Could you print exactly the lines from the one that contains "紫色のマロウの花の咲く風景" to the end of the data, both ends included, and nothing else? Skip the pictures.
(DATA EXTRACTS)
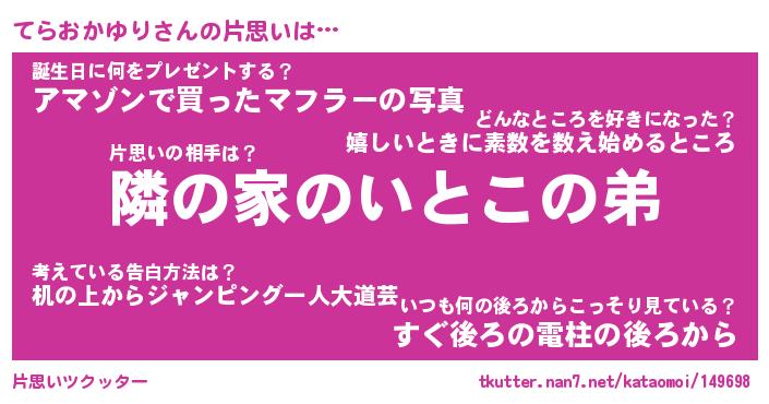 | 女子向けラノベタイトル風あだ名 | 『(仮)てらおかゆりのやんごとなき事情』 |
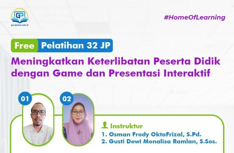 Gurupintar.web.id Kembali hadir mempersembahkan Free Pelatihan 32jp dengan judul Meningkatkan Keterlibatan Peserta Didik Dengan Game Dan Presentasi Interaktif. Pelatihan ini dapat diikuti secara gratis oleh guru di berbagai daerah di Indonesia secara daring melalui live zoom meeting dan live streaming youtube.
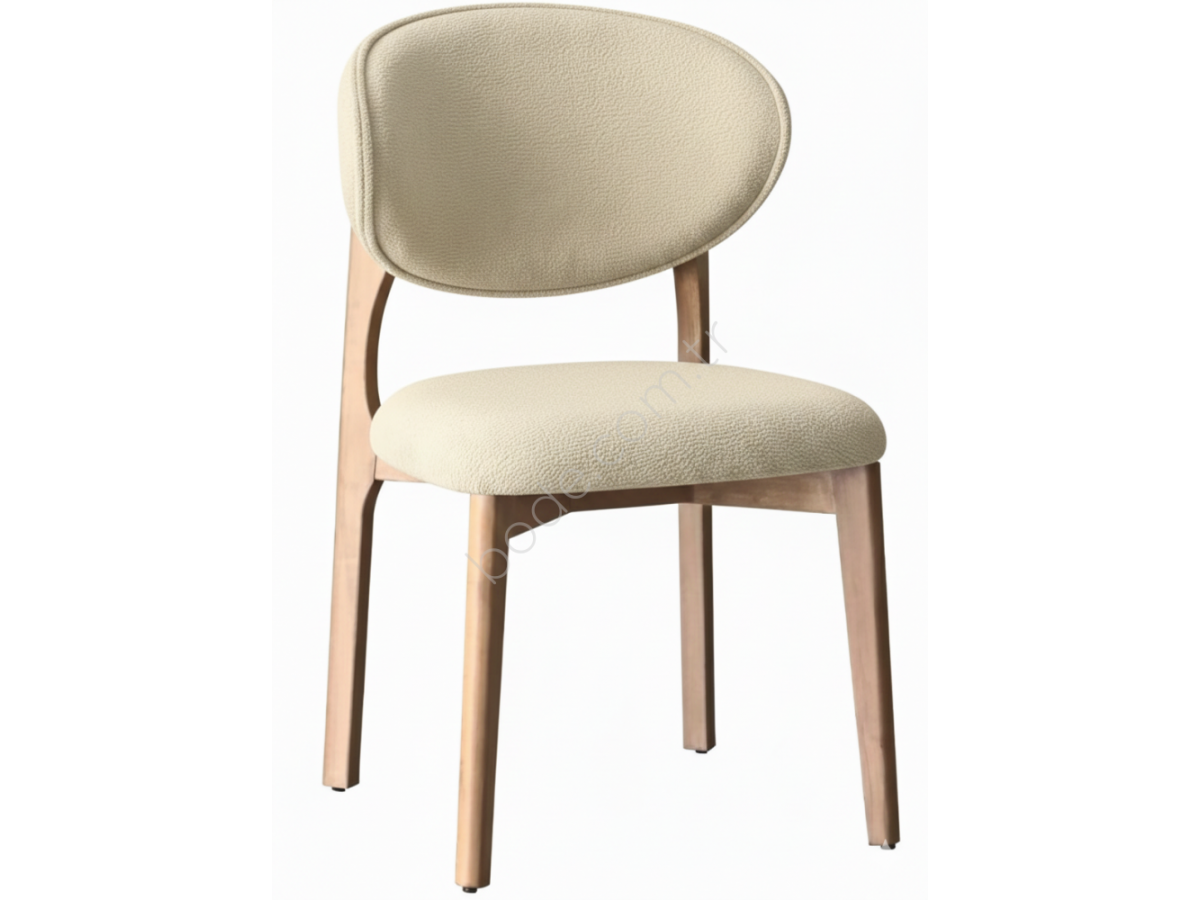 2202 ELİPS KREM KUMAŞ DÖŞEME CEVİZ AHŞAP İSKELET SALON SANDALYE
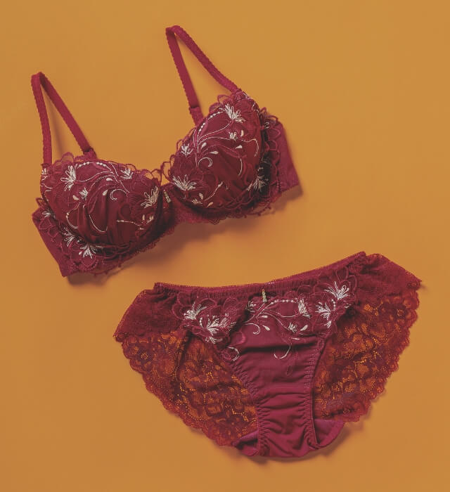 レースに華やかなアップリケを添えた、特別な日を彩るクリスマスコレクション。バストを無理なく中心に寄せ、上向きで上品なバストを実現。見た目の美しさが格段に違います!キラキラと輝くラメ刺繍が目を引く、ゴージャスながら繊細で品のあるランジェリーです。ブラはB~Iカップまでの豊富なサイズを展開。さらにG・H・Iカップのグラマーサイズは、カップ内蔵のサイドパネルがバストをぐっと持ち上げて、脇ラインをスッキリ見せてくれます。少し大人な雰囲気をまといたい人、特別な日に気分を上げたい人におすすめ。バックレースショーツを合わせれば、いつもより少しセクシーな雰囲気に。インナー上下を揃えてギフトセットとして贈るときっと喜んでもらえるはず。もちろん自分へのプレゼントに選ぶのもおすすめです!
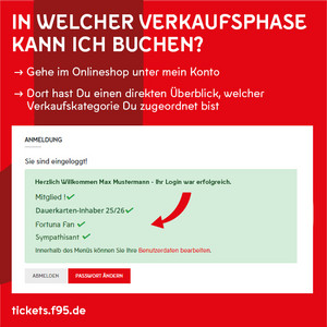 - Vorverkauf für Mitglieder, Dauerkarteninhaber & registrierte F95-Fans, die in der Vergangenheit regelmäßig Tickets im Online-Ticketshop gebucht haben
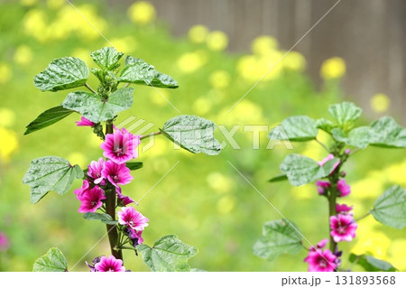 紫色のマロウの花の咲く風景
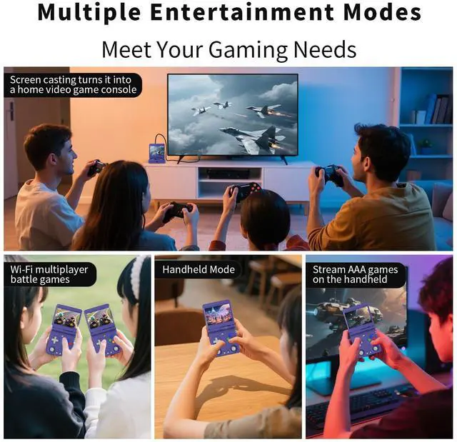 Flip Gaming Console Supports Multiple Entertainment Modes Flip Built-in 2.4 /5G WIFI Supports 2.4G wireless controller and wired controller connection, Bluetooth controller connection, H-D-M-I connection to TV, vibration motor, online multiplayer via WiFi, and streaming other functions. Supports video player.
(End DATA EXTRACTS)
## EXERCISE RESPONSE
 紫色のマロウの花の咲く風景
 Flip Gaming Console Supports Multiple Entertainment Modes Flip Built-in 2.4 /5G WIFI Supports 2.4G wireless controller and wired controller connection, Bluetooth controller connection, H-D-M-I connection to TV, vibration motor, online multiplayer via WiFi, and streaming other functions. Supports video player.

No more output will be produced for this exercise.